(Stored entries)
■ ■ ■ ■ ■

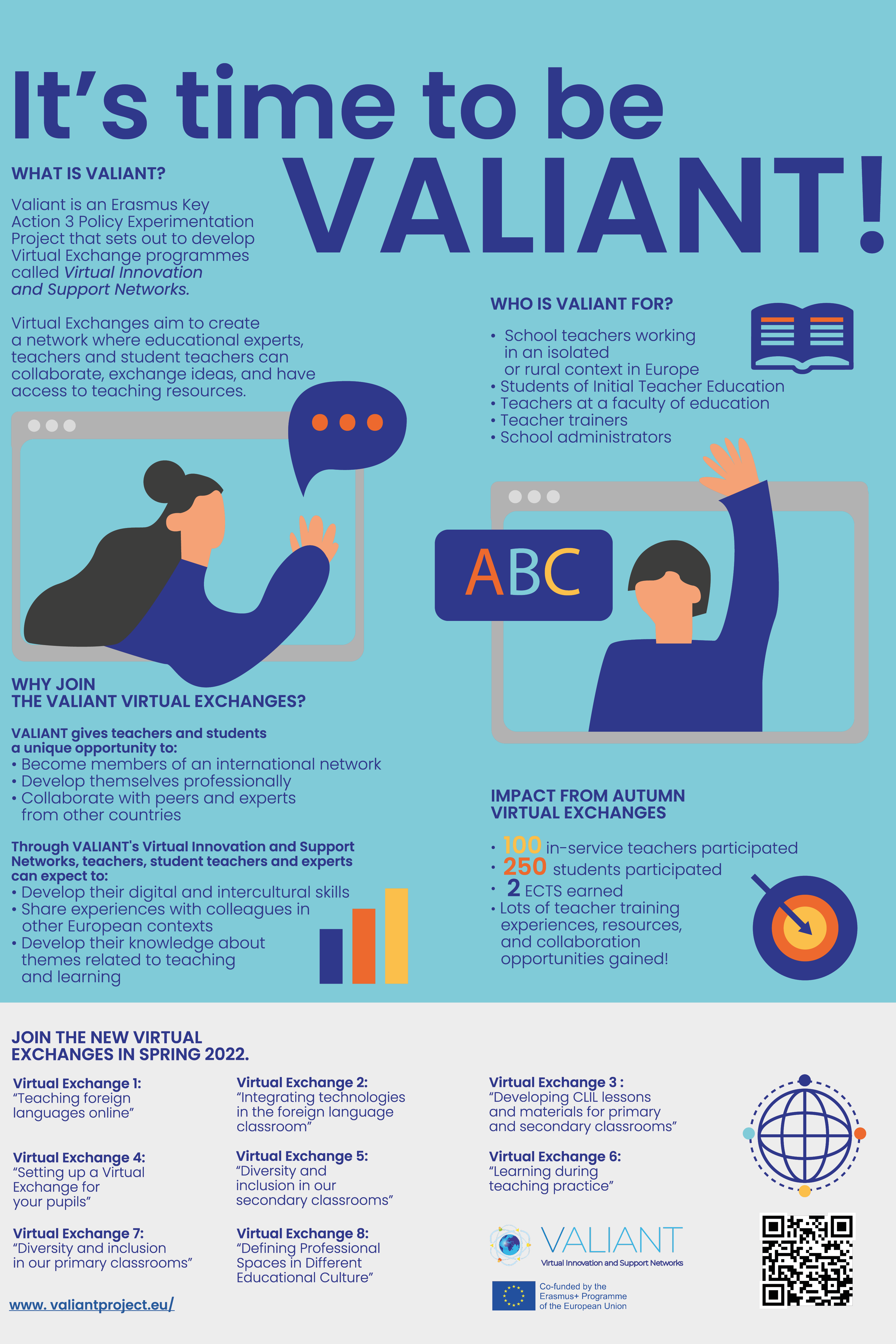 Os docentes em exercício de funções interessados em participar nas Virtual Exchanges do projeto poderão obter mais informações no link disponibilizado na infografia.
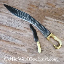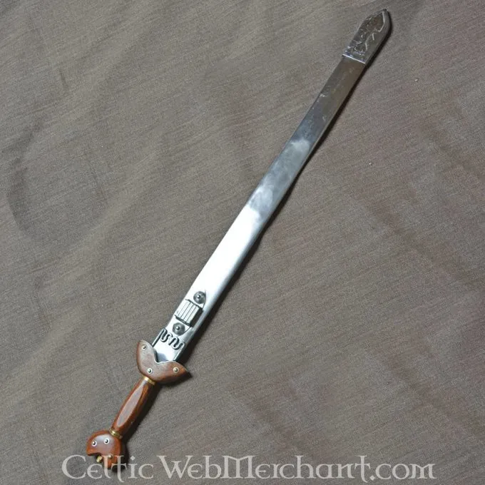 Der Griff ist aus Holz. Das Schwert wird mit einer eisernen Scheide geliefert, die mit Ornamenten im Latène-Stil verziert ist.
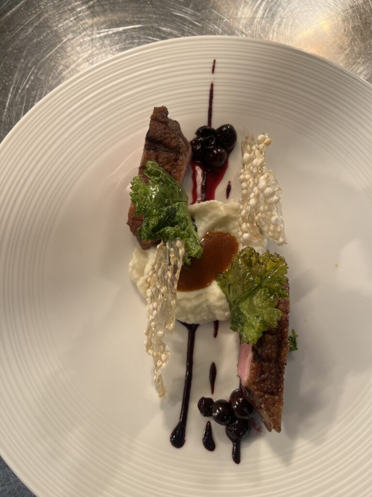 - Wildentenbrust auf Kirschrahm – Beilage: Polenta, Zuckerschoten
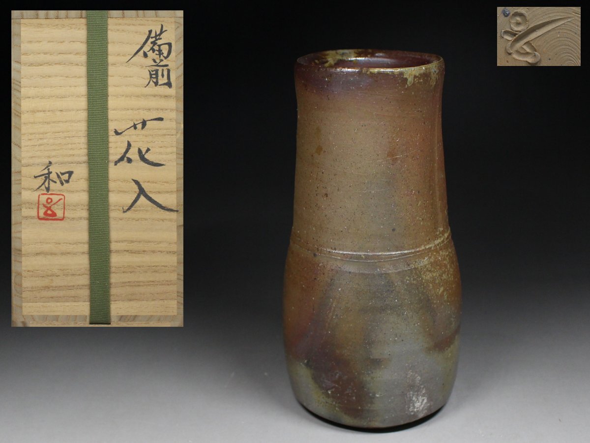 - ◆備前・藤原和・花入・花瓶・花器・栞・共布・共箱・検 藤原啓◆a7184h
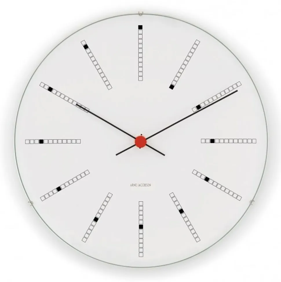 gewinnt 1961 den Wettbewerb für die Dänische Nationalbank, und das Gebäude wird 1978, sieben Jahre nach seinem Tod, fertig gestellt. Banker’s Clock befindet sich in der Veranda und führt als Kathedrale fast 20 Meter hoch durch alle sechs Stockwerke des Gebäudes. Die Wände sind mit Marmor verkleidet, und etwas Tageslicht strömt durch schmale vertikale Fensterschlitze. Die Serie ist sowohl als Wanduhr als auch als Tischuhr erhältlich. Die Wanduhr ist in vier verschiedenen Größen erhältlich und wird mit ihrem klassischen und zeitlosen Design in jedem Raum bequem sein.
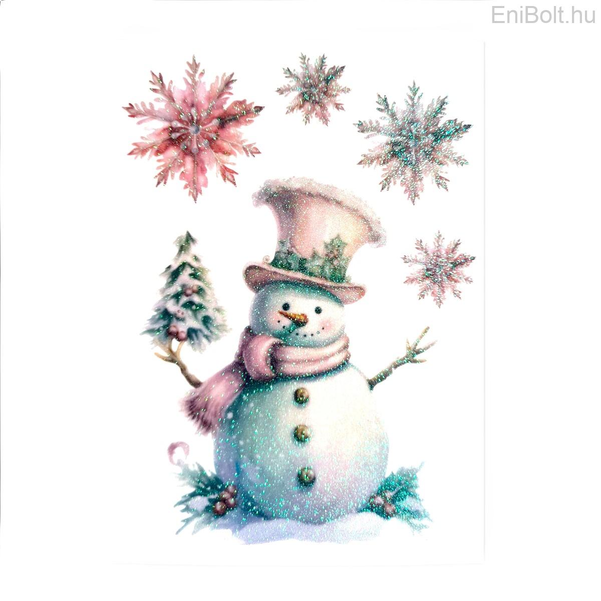 Rózsaszín csillámos hóemberes karácsonyi ablakmatrica – 20×27 cm
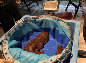 また、9月9日の「オオサンショウウオの日」当日には、毎年恒例となっている「測って!オオサンショウウオ」を開催します。京都水族館で一番大きなオオサンショウウオ(交雑個体)の全長と体重をお客さまの目の前で計測します。昨年は161cm、33.3kgを記録しましたが、今年はさらに大きく成長しているのか、その結果を間近でお楽しみください。

■ ■ ■ ■ ■

- _Your goal_
A clean copy is needed of the lines above from the one with "Der Griff ist" up to and including the one with "- ◆備前・藤原和・花入・花瓶・花器・栞・共布・共箱・検 藤原啓◆a7184h". Please set it down exactly, with no pictures.

- _Finished task_
 Der Griff ist aus Holz. Das Schwert wird mit einer eisernen Scheide geliefert, die mit Ornamenten im Latène-Stil verziert ist.
 - Wildentenbrust auf Kirschrahm – Beilage: Polenta, Zuckerschoten
 - ◆備前・藤原和・花入・花瓶・花器・栞・共布・共箱・検 藤原啓◆a7184h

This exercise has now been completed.